Юцер улыбнулся Пашкиной формулировке, но разговор о Любови его огорчил.
— Либхен, — спросил он у дочери, — кто у тебя вчера был в гостях?
— Таня.
— Кто это — Таня?
— Она сидит со мной за одной партой.
— Вы дружите?
— Нет. Но я бываю у нее дома. Это недалеко от школы.
— А что там интересного?
— Все. Они живут в подвале. Сначала надо долго спускаться по темной лестнице, и кошки прыгают из-под ног. Потом проходишь мимо бочек с вонючей капустой. А потом есть дверь. А за дверью огромная комната, совсем без света. Ма-аленькое окошечко под потолком.
— И это тебе интересно?
— Ага. Там только одна кровать, застеленная серыми тряпками. И еще занавеска. А за занавеской — грязный умывальник, несколько ящиков, керогаз и скамья. Я спросила у Тани: «Где твоя комната?» А она говорит: «Это как?». Я спросила, где она спит. А она сказала: «С мамкой и Жанкой». А знаешь, что она ест? Хлеб с луком. Грызет луковицу, как яблоко. Ты такое видел? Еще Танька сказала, что, когда к мамке приходит дядька, она и Жанка спят на скамьях. Я попробовала лечь на эту скамью, но там было узко, тесно и твердо.
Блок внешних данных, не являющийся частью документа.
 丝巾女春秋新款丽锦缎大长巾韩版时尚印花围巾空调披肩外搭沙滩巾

— Н-да. Этой девочке явно следует помочь. Но следует ли тебе с ней дружить?
— Я же тебе сказала, что мы не дружим. Просто сидим за одной партой.
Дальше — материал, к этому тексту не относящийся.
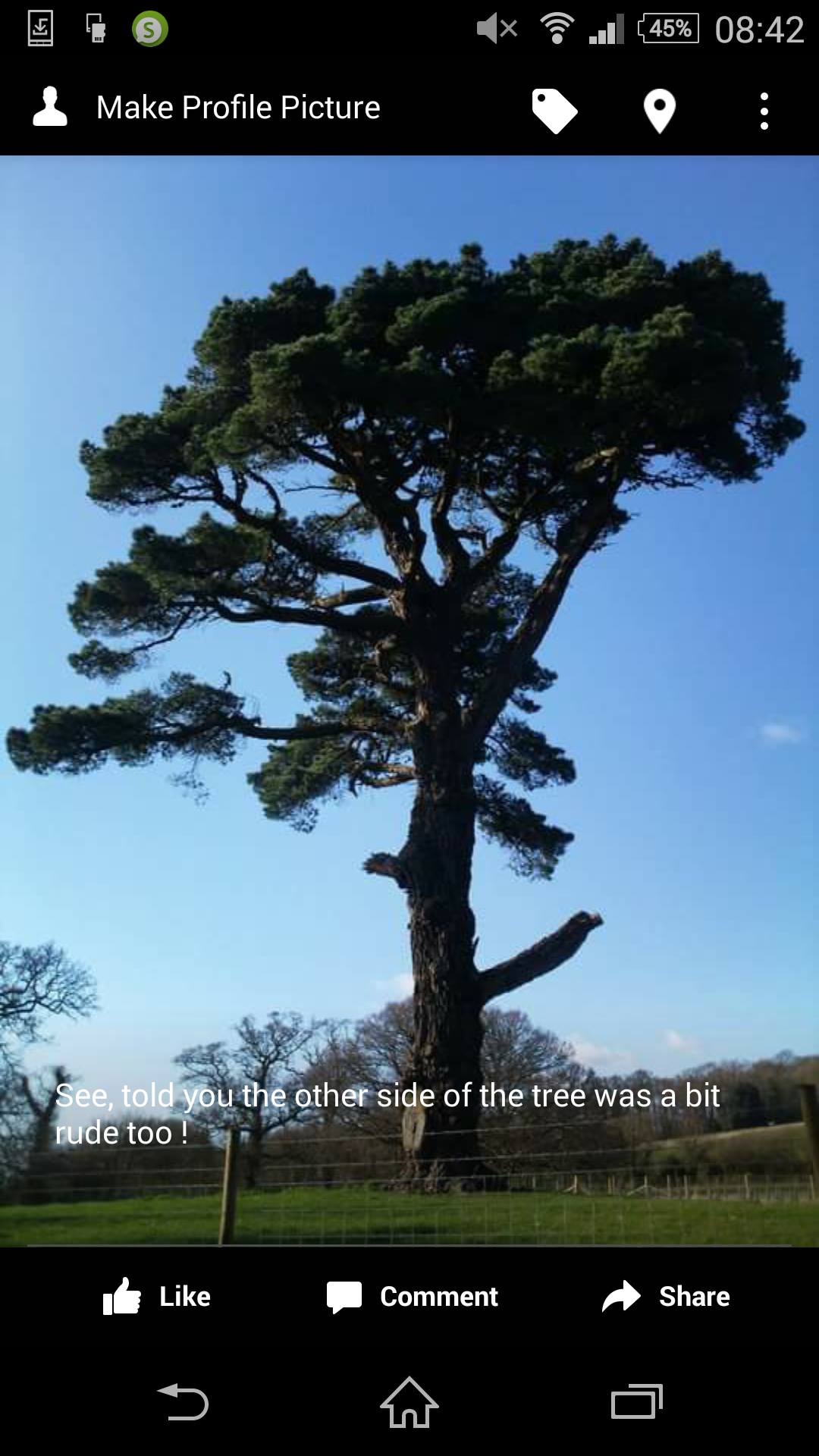 There’s also another one we walk past daily that has a long-ago broken branch that is crudely phallic, but on the other side has an old scar that is a beautiful representation of a woman, either as a torso, or zoomed in as far more obviously female. A favourite tree for my daughter and me to walk by.

— И эту девочку ты привела к нам?
— Но я же была у нее в гостях…
— Да, да конечно. А какой получился скандал?
— Не было никакого скандала. Танька походила по гостиной на цыпочках, все перетрогала. Потом спросила, зачем нам картины, если мы не музей. Потом я провела ее в мою комнату. Она пощупала одеяло, положила голову на подушку, села за письменный стол, включила настольную лампу и вдруг как зарыдает! И так противно рыдала, что из носа пошли пузырями зеленые сопли. Я не знала, что сказать и что сделать. И позвала Эмилию.
— И что Эмилия?
— Ничего. Вытерла Таньке нос и увела ее на кухню. А Пашка туда полезла. Эмилия ее выкинула. Пашка не захотела добром, Эмилия ее выкинула за шкирку. Это было смешно.
— Понимаю. Скажи, ты ничего из этой истории не поняла?
— А что тут понимать? Таньке захотелось того, чего у нее нет. А мне бы хотелось пожить, как она. Целый день сама себе хозяйка. Ни Эмилии, ни дуры Пашки, никого. Делай, что хочешь. Только этого дядю Лешу я бы убила, если бы он на меня руку поднял.
— Какой Леша?
— Мамкин хахаль. Так Танька говорит. Из-за которого Таньке приходится ложиться на лавку, когда этот Леша ложится на ее мамку.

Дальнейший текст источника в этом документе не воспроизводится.